### Provided data
▽

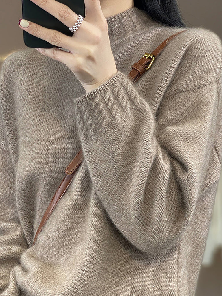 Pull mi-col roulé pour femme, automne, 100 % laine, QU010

△
▽

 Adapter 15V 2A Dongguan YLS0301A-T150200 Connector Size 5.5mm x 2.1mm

△
▽

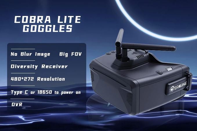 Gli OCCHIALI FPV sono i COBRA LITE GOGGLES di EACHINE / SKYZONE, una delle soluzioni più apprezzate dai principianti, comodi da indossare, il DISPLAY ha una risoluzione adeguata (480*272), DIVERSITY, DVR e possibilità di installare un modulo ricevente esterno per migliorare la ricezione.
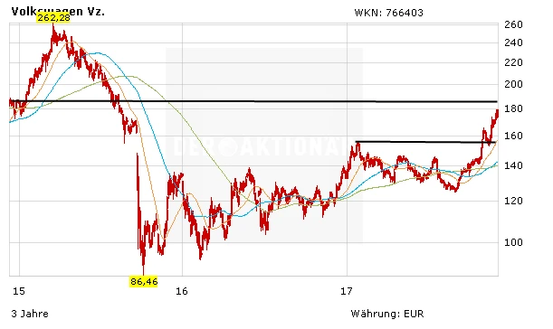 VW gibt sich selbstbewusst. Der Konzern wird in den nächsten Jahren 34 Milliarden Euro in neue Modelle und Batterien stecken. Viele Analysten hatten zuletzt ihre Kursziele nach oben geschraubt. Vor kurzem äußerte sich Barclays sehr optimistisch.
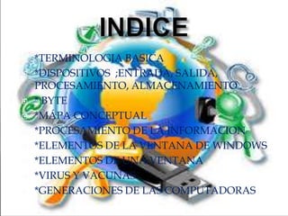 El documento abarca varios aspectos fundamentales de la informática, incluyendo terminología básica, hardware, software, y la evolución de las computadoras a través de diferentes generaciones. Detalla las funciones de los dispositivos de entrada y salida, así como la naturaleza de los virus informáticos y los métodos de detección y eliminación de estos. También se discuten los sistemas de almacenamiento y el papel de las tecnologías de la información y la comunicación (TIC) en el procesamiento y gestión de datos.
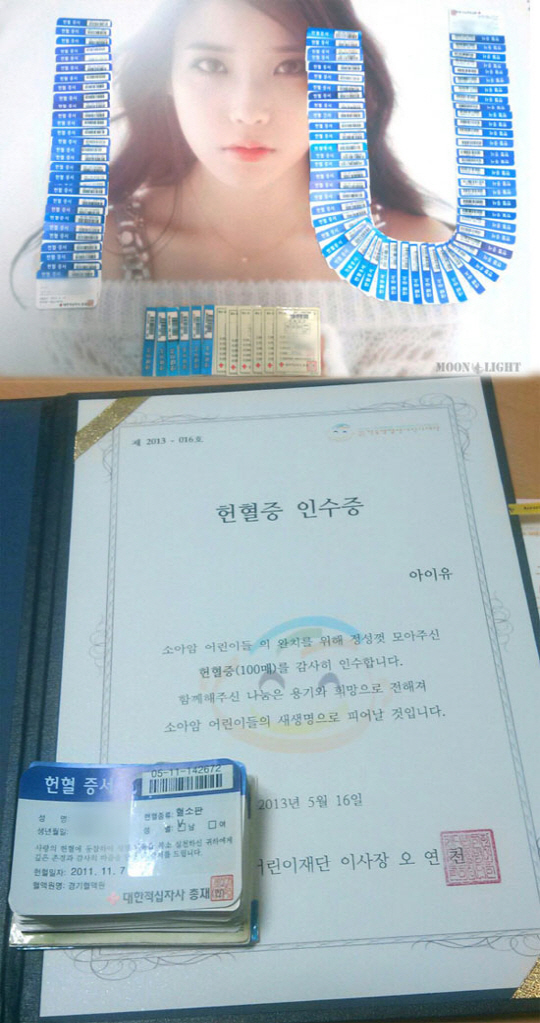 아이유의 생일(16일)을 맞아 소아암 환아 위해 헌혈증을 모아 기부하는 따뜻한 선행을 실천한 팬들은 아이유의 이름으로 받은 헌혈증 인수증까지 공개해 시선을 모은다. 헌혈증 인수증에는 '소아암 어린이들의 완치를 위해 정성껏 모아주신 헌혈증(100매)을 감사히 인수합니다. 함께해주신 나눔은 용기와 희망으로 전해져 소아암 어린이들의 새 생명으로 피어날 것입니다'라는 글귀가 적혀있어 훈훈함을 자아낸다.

△

### Exercise brief
Return the stretch of data that begins with the line showing "El documento abarca" and goes on through the line showing "아이유의 생일(16일)을 맞아", exactly, with pictures removed.

### Completed task
 El documento abarca varios aspectos fundamentales de la informática, incluyendo terminología básica, hardware, software, y la evolución de las computadoras a través de diferentes generaciones. Detalla las funciones de los dispositivos de entrada y salida, así como la naturaleza de los virus informáticos y los métodos de detección y eliminación de estos. También se discuten los sistemas de almacenamiento y el papel de las tecnologías de la información y la comunicación (TIC) en el procesamiento y gestión de datos.
 아이유의 생일(16일)을 맞아 소아암 환아 위해 헌혈증을 모아 기부하는 따뜻한 선행을 실천한 팬들은 아이유의 이름으로 받은 헌혈증 인수증까지 공개해 시선을 모은다. 헌혈증 인수증에는 '소아암 어린이들의 완치를 위해 정성껏 모아주신 헌혈증(100매)을 감사히 인수합니다. 함께해주신 나눔은 용기와 희망으로 전해져 소아암 어린이들의 새 생명으로 피어날 것입니다'라는 글귀가 적혀있어 훈훈함을 자아낸다.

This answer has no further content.